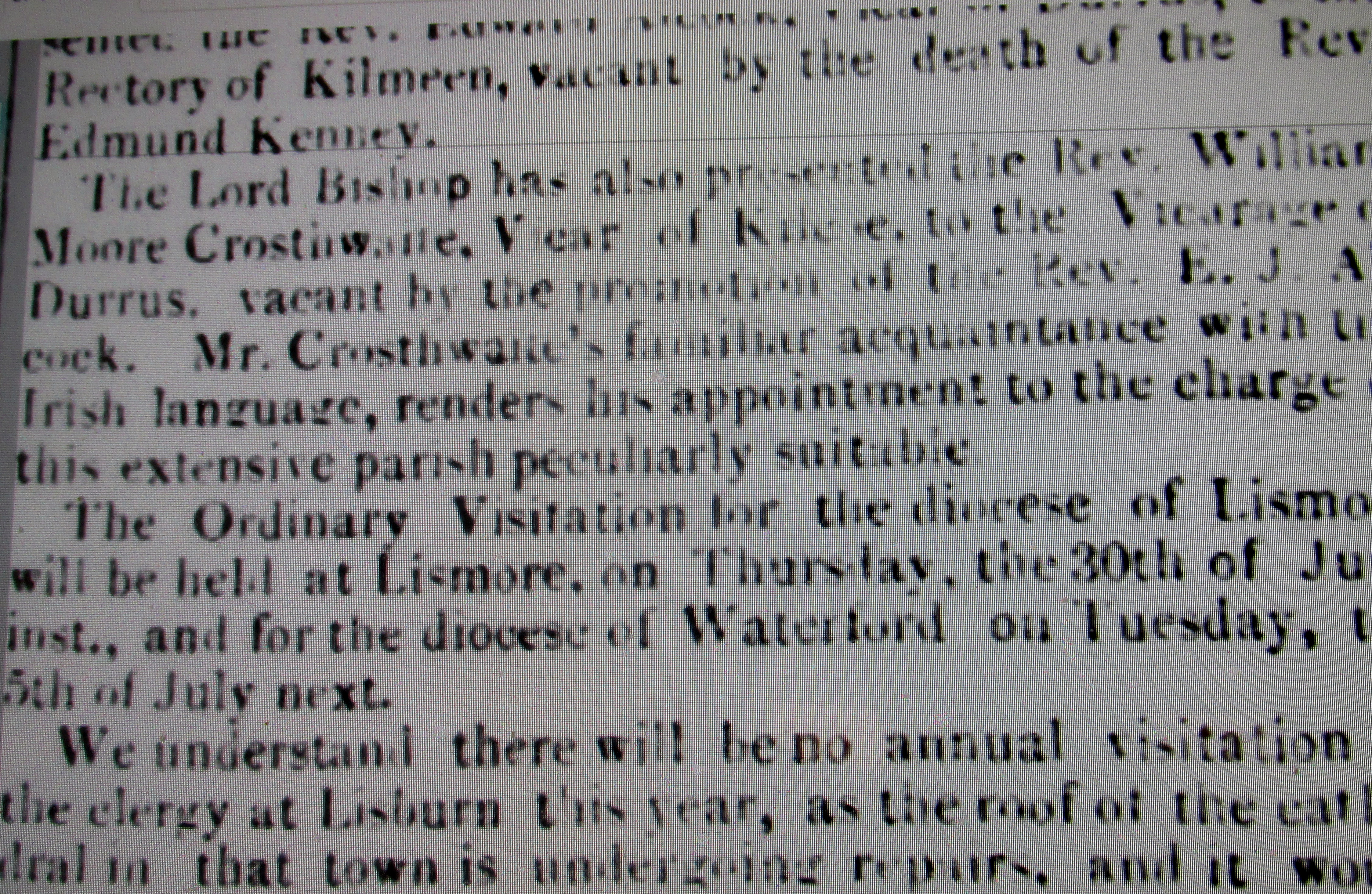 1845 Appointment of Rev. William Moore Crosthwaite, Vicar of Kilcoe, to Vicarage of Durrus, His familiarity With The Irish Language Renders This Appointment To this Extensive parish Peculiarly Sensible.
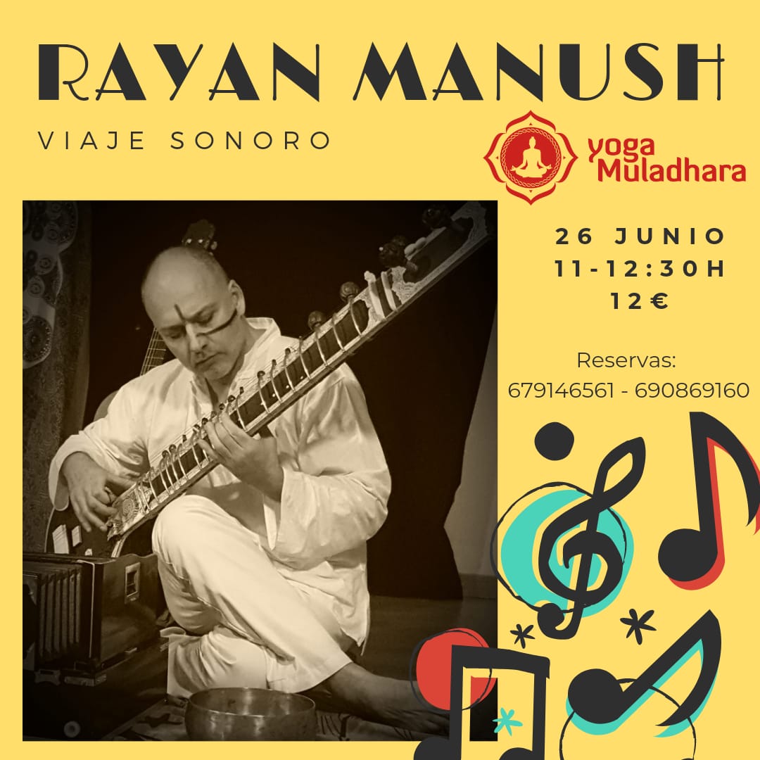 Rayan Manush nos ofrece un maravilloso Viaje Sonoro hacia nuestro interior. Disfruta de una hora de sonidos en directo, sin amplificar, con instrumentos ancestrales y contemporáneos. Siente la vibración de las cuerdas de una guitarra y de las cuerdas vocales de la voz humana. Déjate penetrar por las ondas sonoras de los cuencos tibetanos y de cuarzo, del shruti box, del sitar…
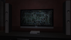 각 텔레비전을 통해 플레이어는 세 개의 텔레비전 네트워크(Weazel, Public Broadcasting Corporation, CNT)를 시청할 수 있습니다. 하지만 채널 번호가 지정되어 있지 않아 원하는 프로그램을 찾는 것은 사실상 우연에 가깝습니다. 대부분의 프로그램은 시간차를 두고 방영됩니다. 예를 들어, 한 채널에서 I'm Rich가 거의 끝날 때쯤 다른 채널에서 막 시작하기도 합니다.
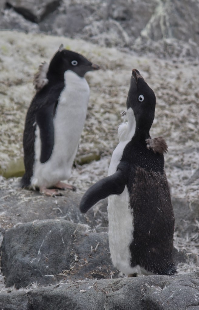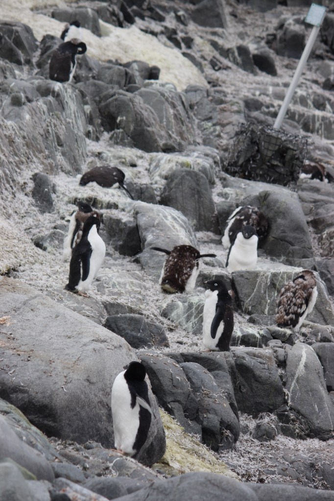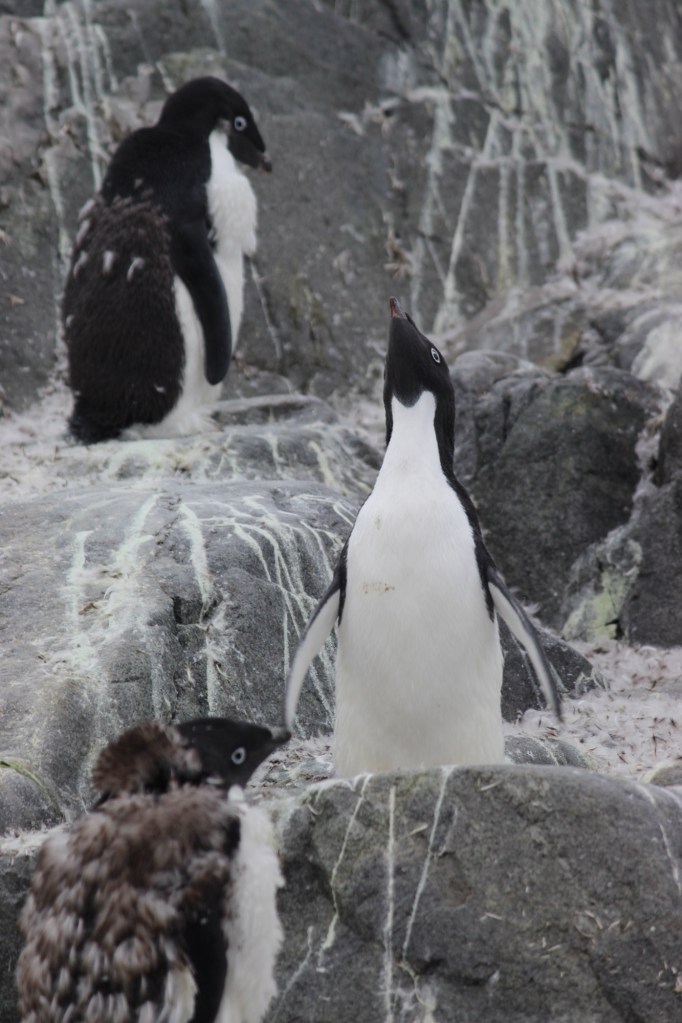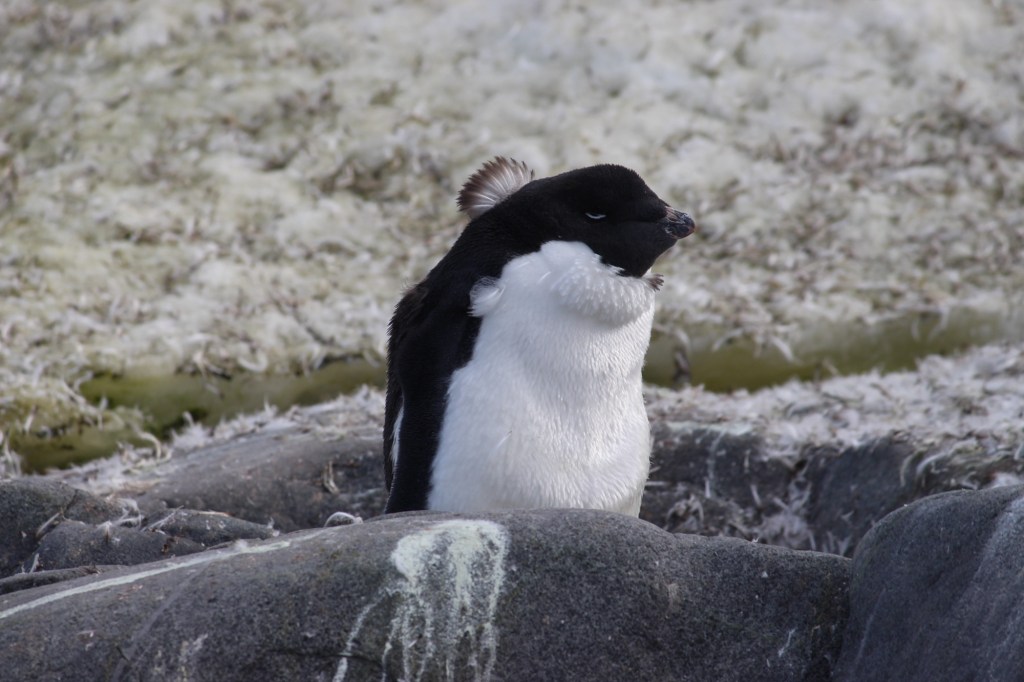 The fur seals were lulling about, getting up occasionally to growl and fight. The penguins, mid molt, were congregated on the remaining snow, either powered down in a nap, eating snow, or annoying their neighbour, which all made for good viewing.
■ ■ ■
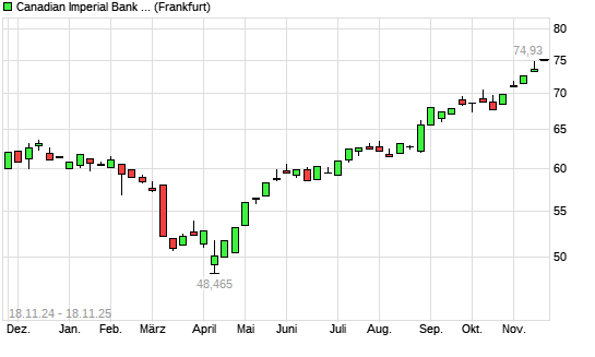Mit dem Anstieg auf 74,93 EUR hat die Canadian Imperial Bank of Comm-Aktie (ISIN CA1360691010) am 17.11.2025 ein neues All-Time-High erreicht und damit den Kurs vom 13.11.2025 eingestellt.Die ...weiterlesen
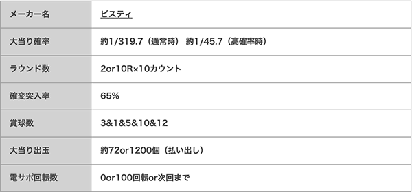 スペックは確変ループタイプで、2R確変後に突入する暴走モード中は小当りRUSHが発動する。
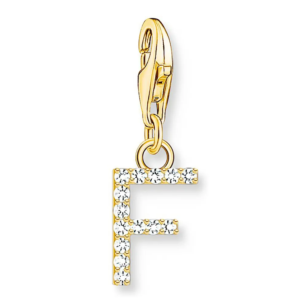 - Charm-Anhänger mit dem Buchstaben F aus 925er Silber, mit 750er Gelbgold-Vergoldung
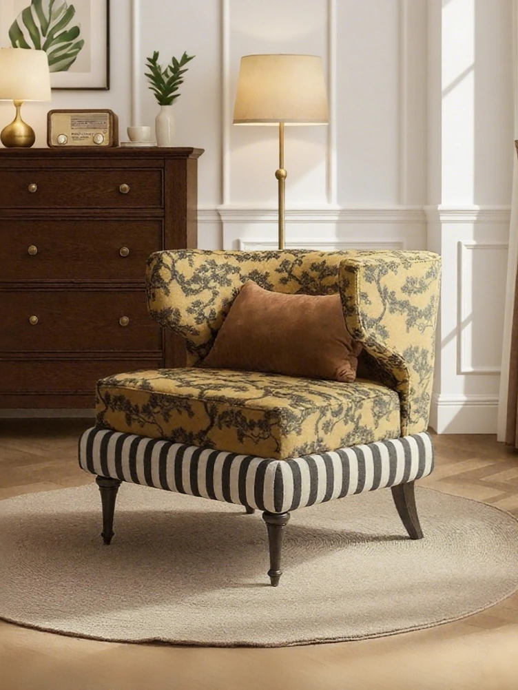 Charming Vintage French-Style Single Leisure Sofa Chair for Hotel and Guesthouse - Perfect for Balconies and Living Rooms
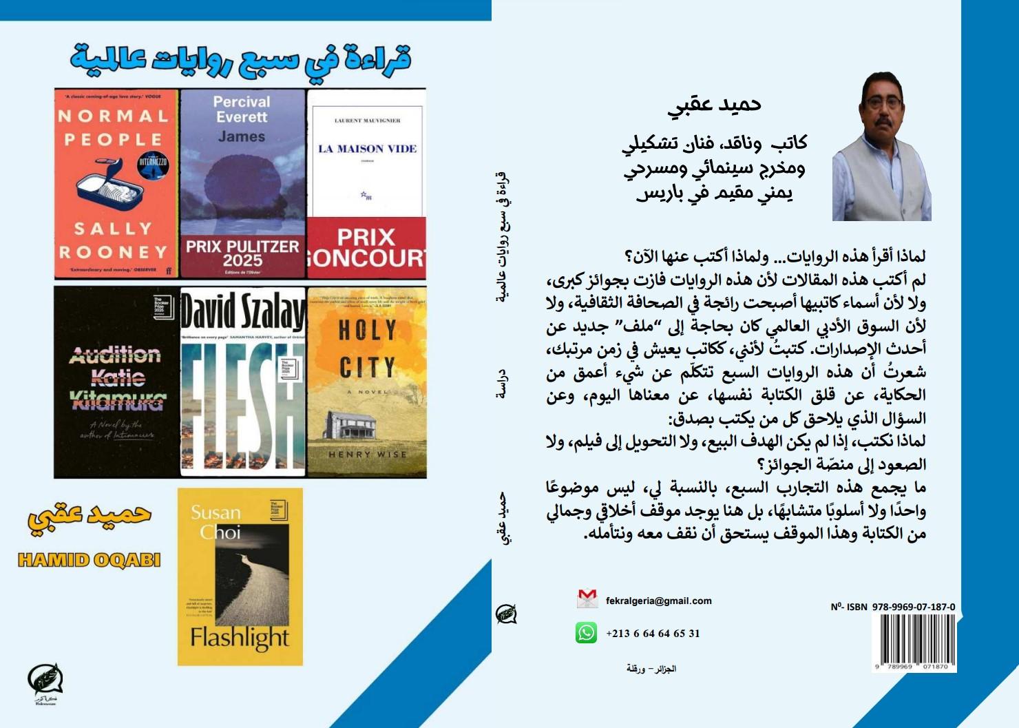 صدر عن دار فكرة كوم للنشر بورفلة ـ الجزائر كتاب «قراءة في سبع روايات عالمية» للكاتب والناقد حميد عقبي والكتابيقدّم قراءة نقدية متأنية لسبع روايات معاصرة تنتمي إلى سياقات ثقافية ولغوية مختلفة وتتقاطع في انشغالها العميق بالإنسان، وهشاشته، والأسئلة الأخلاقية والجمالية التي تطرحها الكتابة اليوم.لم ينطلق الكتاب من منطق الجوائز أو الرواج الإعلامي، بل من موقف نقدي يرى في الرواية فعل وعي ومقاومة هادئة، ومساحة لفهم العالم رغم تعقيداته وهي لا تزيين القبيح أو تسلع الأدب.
■ ■ ■
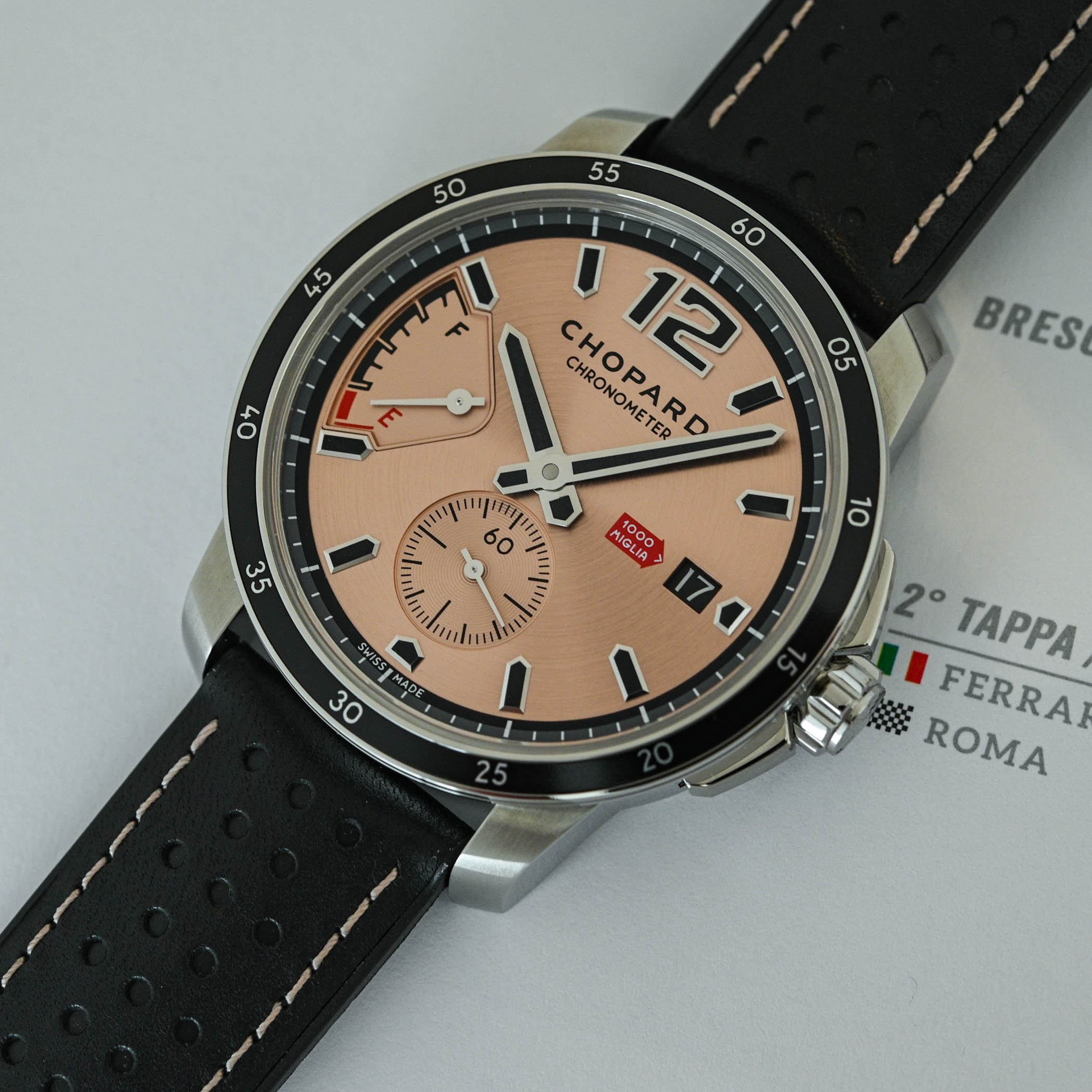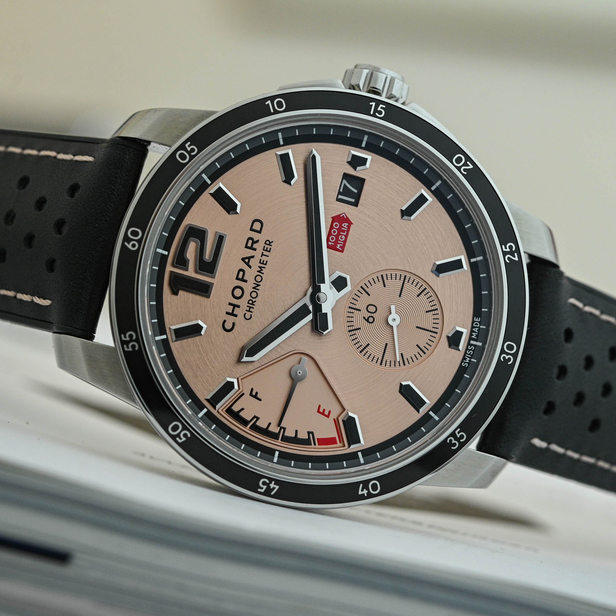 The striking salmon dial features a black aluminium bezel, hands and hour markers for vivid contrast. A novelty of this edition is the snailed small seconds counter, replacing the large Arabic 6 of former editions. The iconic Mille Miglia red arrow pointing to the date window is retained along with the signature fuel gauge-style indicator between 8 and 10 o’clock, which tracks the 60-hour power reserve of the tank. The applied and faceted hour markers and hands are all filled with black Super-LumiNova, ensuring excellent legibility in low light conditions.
■ ■ ■
### The task:
Looking at the listing above, which lines run from the one containing "- Charm-Anhänger mit" through the one containing "Charming Vintage French-Style"? Print exactly those, ends included, pictures excluded.

### Response for this exercise:
 - Charm-Anhänger mit dem Buchstaben F aus 925er Silber, mit 750er Gelbgold-Vergoldung
 Charming Vintage French-Style Single Leisure Sofa Chair for Hotel and Guesthouse - Perfect for Balconies and Living Rooms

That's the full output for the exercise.